This repository contains code to connect MATLAB to a local Ollama® server, running large language models (LLMs).
To use local models with Ollama, you will need to install and start an Ollama server, and “pull” models into it. Please follow the Ollama documentation for details. You should be familiar with the limitations and risks associated with using this technology, and you agree that you shall be solely responsible for full compliance with any terms that may apply to your use of any specific model.

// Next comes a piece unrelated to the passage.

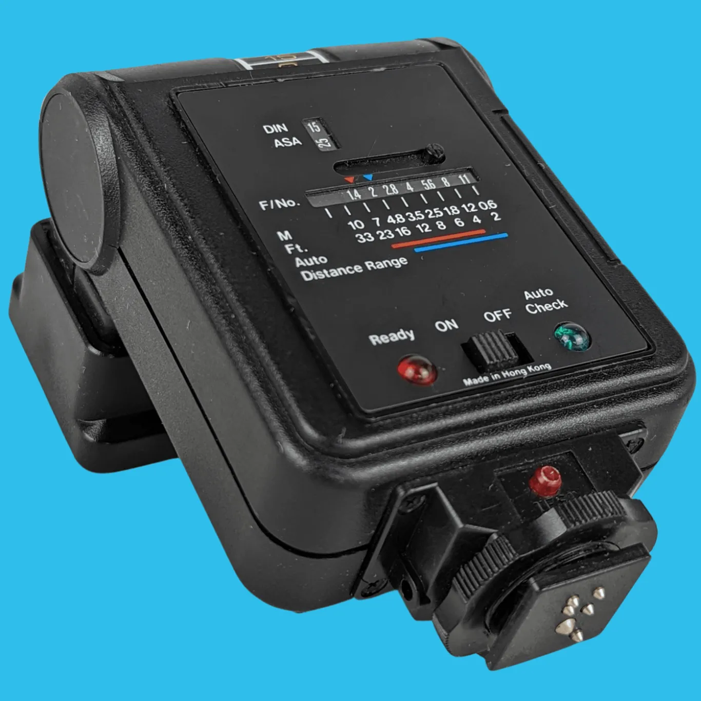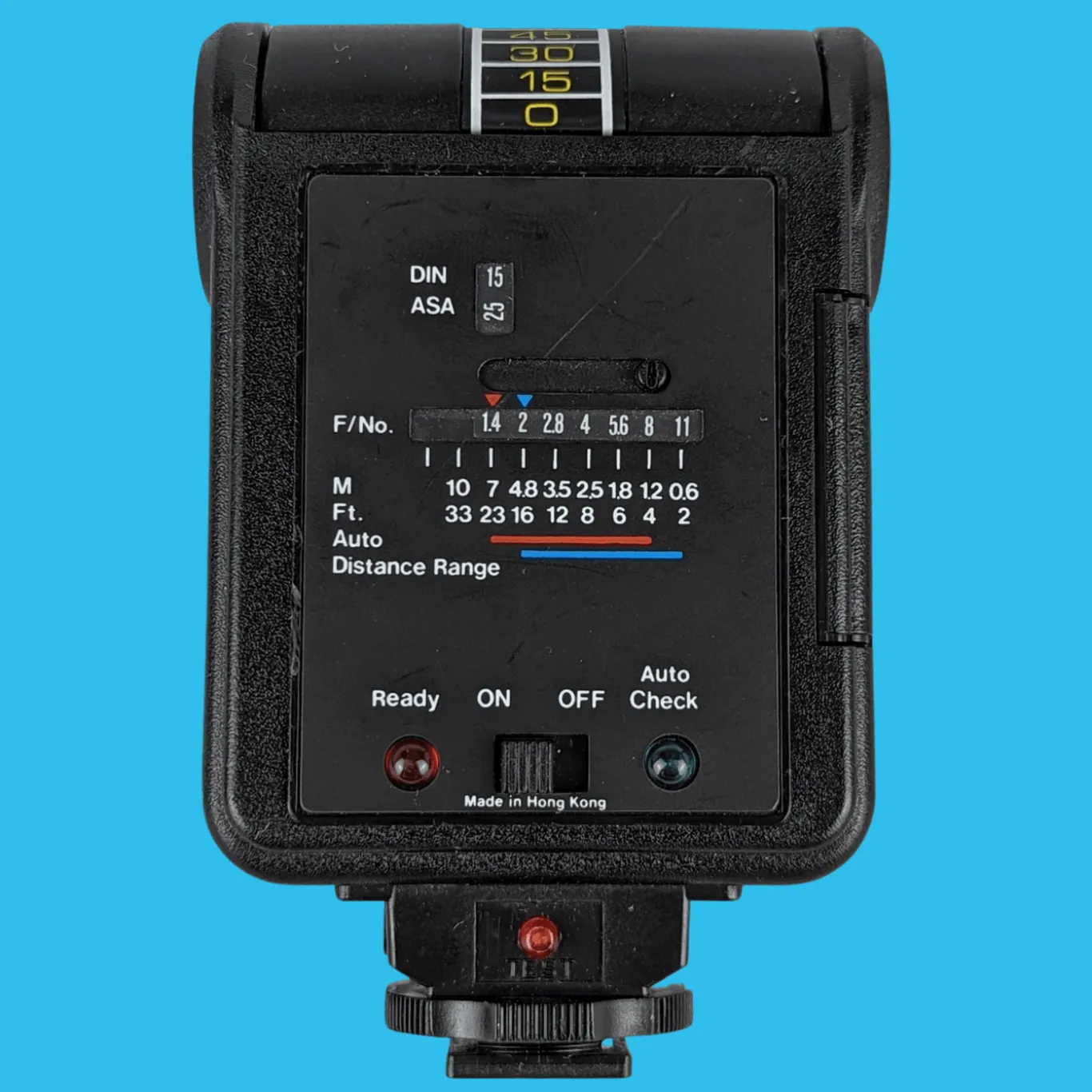 This model includes a test button where you can test the flash before putting it on your camera. (ALWAYS point the flash away from you to avoid your eyes!)

Some of the LLMs currently supported out of the box on Ollama are:
- llama2, llama2-uncensored, llama3, codellama
- phi3
- aya
- mistral (v0.1, v0.2, v0.3)
- mixtral
- gemma, codegemma
- command-r
To create the chat assistant, call ollamaChat
and specify the LLM you want to use:
chat = ollamaChat("mistral");
ollamaChat
has additional options, please run help ollamaChat
for details.
In some situations, you will want to use chat completion models without preserving chat history. For example, when you want to perform independent queries in a programmatic way.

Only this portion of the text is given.